Reentrancy problem forking children with the PHP client
Maxwell Lamb
max at blubolt.com
Fri Oct 12 18:33:01 UTC 2007
Sorry, didn't realize it wouldn't find the context - see below.
Hi,
We've been experiencing the exact same issue, although our only
difference is that we're only opening the memcached connection once,
prior to forking using pctnl_fork.
I was wondering if you'd had any joy finding a resolution to this -
we're currently working on the basis of storing everything in
memcached within a one-keyed array, where the key is the same as the
memcached key, and the value the same as the value to be stored, and
we're then checking the key of the returned array against the
requested key from memcached, and if it's wrong, trying again. While
this resolves the issue insofar as it prevents us from having the
wrong data in the wrong place, it's obviously far from ideal due to
the overhead of having to do multiple requests in the case of
failure, and of having to check a key value after every get.

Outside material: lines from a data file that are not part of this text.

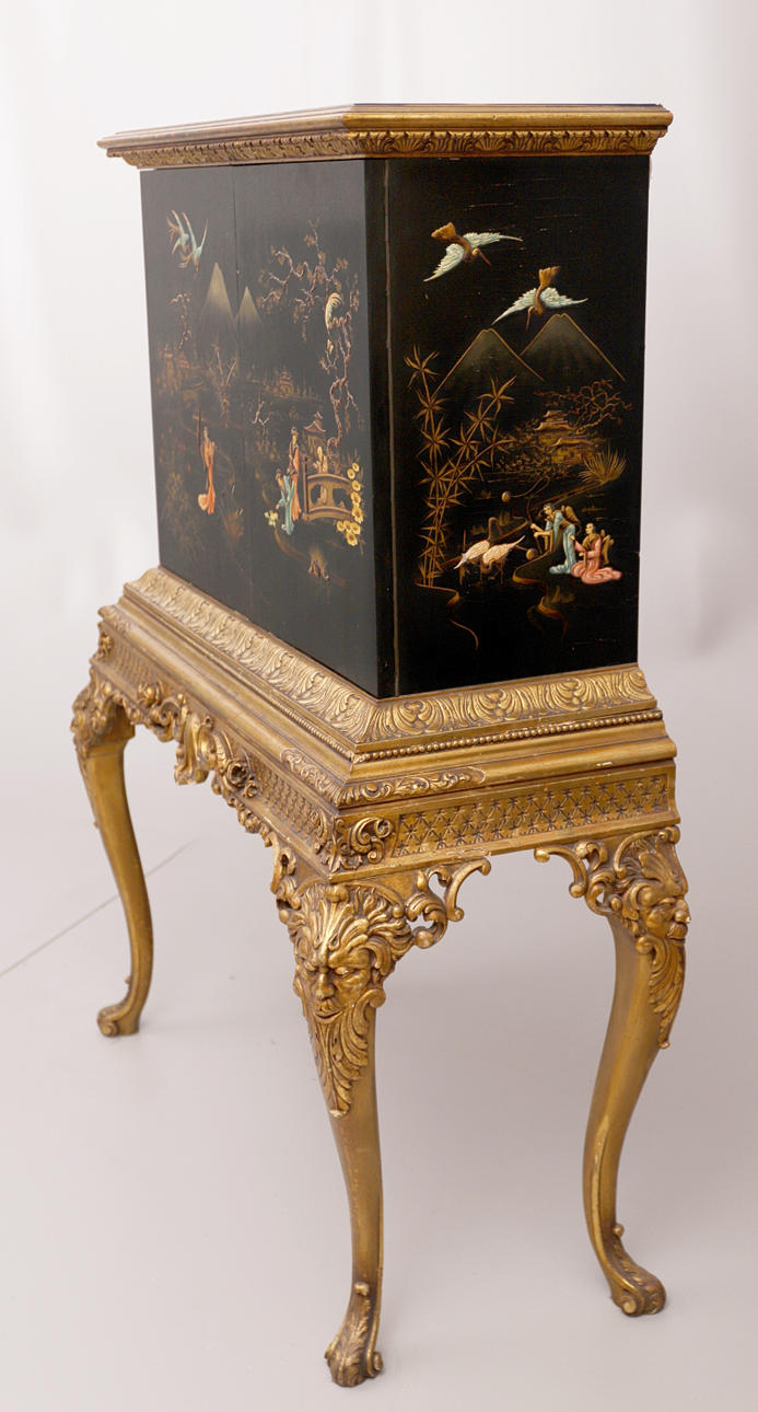 SPANISCHER SCHRANK - LACKIERTE BARMÖBEL MIT CHINOISERIEN.
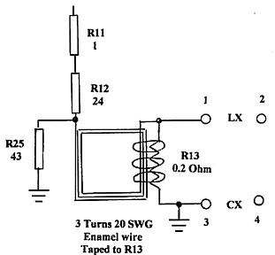 To cancel this effect, the circuit modification shown in figure 4 has been devised. The idea is to develop a reverse field around R13 from the current flowing into it so that the offending inductance is cancelled. To get enough field, three series connected conductors carrying the input current are taped to the five parallel resistors making up the 0.2 ohm R13.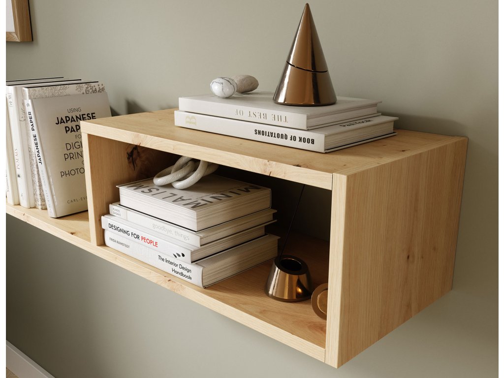 Dizajnová polica VELLIA so šírkou 80 cm a remeselným dubovým povrchom.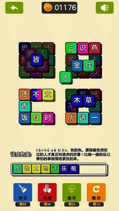 《成了个语》是一款趣味十足且富有挑战的文字益智游戏。玩家需点击并组合文字,组成正确成语以完成关卡。它不仅考验语言能力与知识储备,还需灵活思维与策略。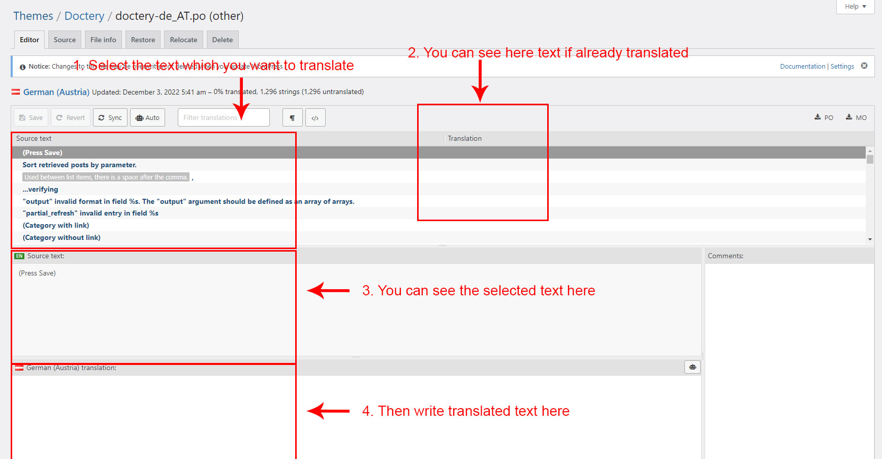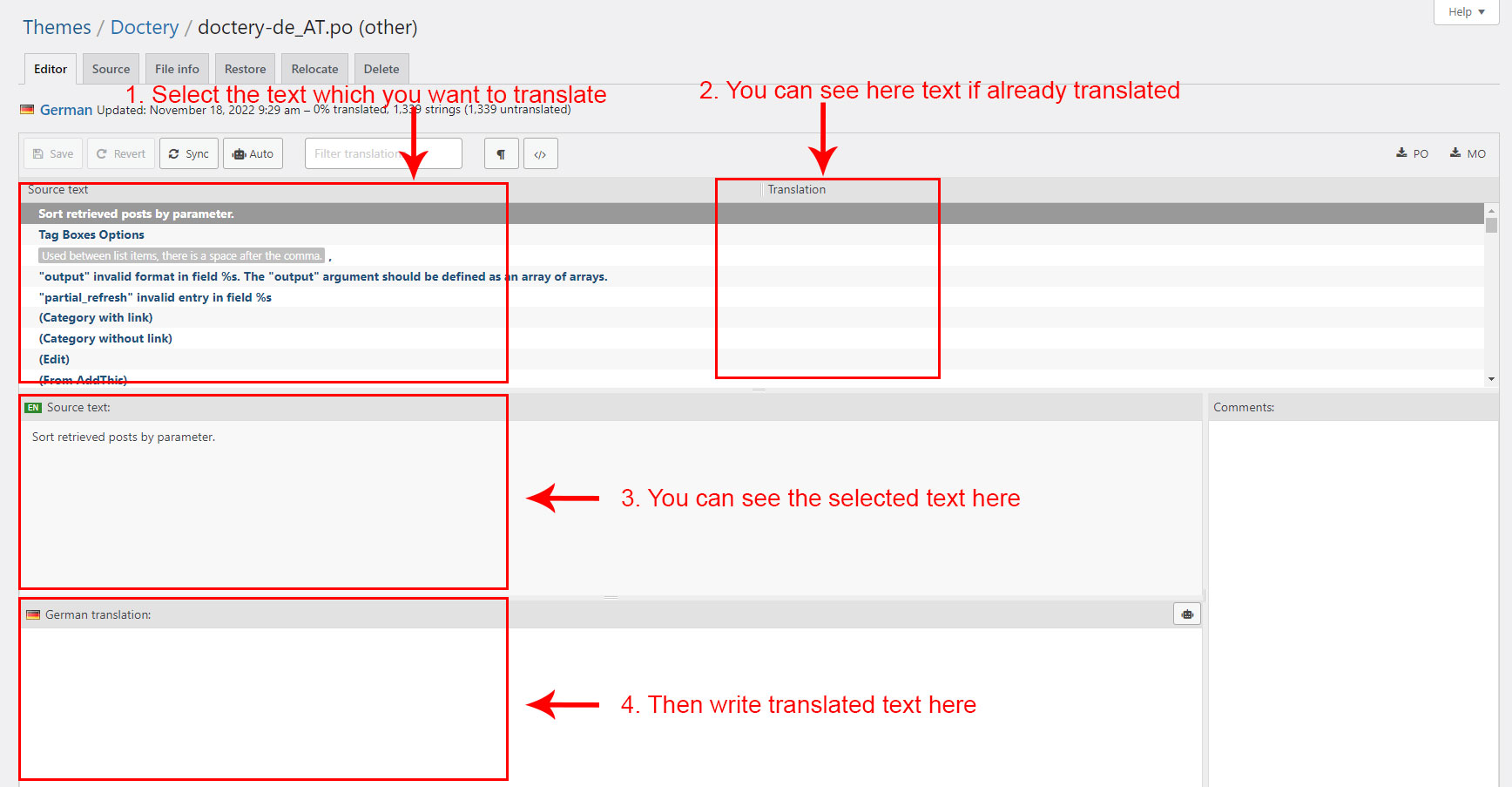 When you are done translating all the needed text strings into your desired language, save the file in /wp-content/languages/themes/ folder with language code in name. For example, if you were translating to the Deutsch language, you would save it as doctery-de_DE.po. The corresponding doctery-de_DE.mo file will be auto created by POEdit software.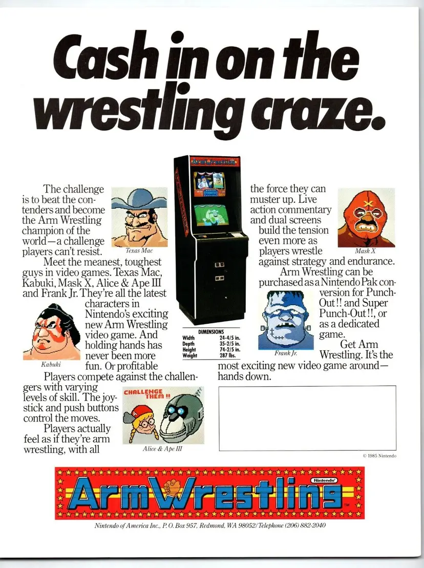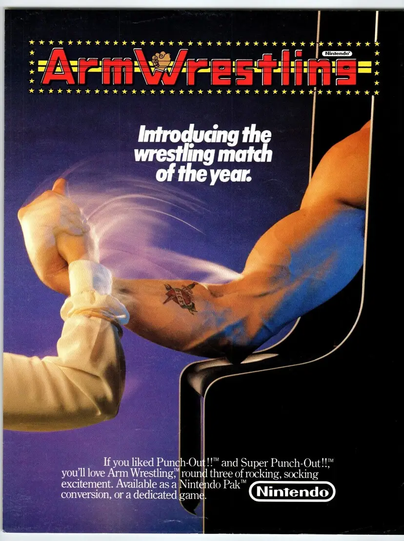Brand: Nintendo Year: 1985 Game Title: Arm Wrestling Theme: Sports Original/Reproduction: Original Country/Region of Manufacture: United States Modified Item: No Arcade: Flyer
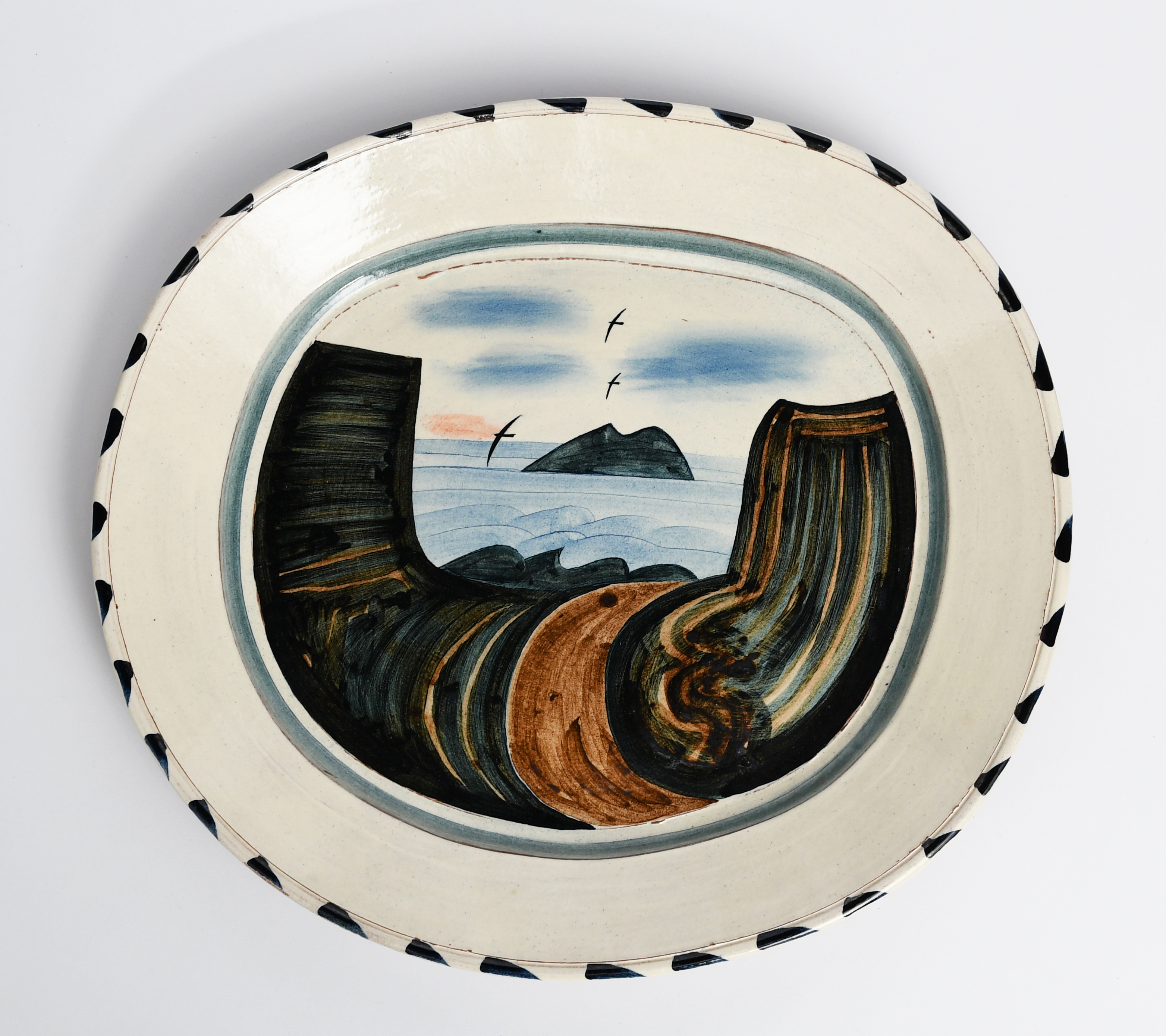 an earthenware charger, dated 1997, painted with three sea birds flying above a coastal cliff landscape, in colours, incised Campbell 97-1,

Anyway - even if you don't have a solution, it isn't just you having
this issue.
Thanks,
Maxwell
************************************************************************
Hi,
Since you actually fork the process there should be no possibility of
sharing memory between children. And since the connection is established
after the fork no sockets are shared, in which case you would probably
get data corruption errors instead of a whole object being swapped.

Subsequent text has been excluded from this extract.